§ **What is expected**:
Below this line are records; transcribe exactly the lines between the one holding "Rysunek 1. Lokalizacja" and the one holding "صاحب السمو الملكي", inclusive, and omit the pictures.

§ **Data to examine**:
☆ ☆ ☆

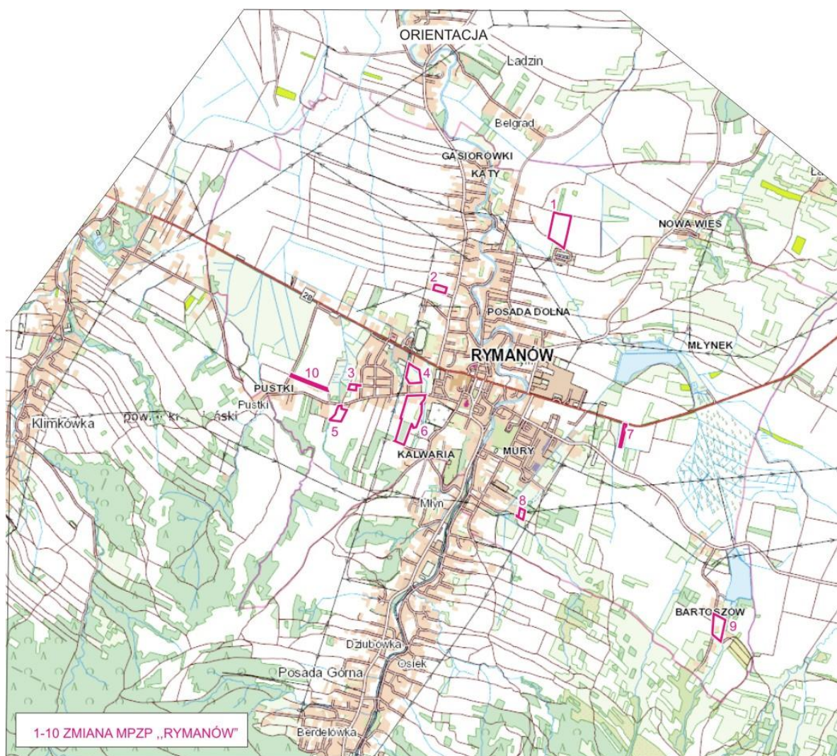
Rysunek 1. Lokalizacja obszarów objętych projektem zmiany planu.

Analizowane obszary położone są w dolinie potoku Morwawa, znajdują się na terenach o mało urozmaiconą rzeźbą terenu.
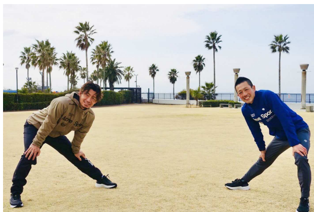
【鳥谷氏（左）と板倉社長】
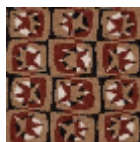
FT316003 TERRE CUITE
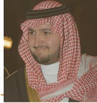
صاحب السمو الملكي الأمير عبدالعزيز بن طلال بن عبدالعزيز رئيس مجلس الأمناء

☆ ☆ ☆

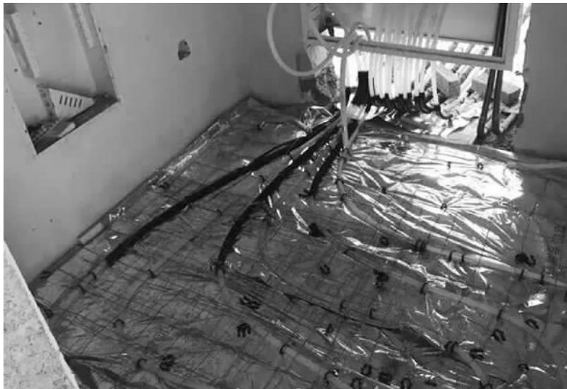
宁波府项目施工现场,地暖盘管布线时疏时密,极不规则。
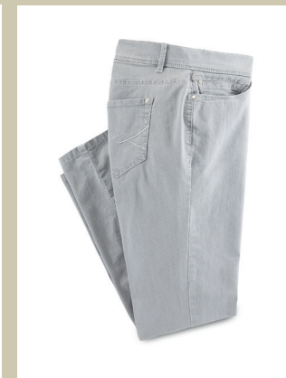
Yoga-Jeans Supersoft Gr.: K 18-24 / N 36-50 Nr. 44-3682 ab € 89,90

☆ ☆ ☆

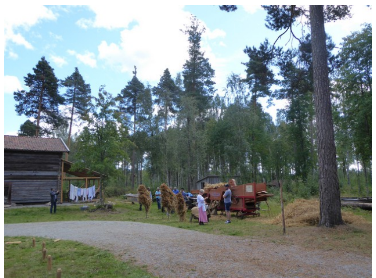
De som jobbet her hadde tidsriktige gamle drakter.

☆ ☆ ☆

§ **Answer to this exercise**:
Rysunek 1. Lokalizacja obszarów objętych projektem zmiany planu.

Analizowane obszary położone są w dolinie potoku Morwawa, znajdują się na terenach o mało urozmaiconą rzeźbą terenu.
【鳥谷氏（左）と板倉社長】
FT316003 TERRE CUITE
صاحب السمو الملكي الأمير عبدالعزيز بن طلال بن عبدالعزيز رئيس مجلس الأمناء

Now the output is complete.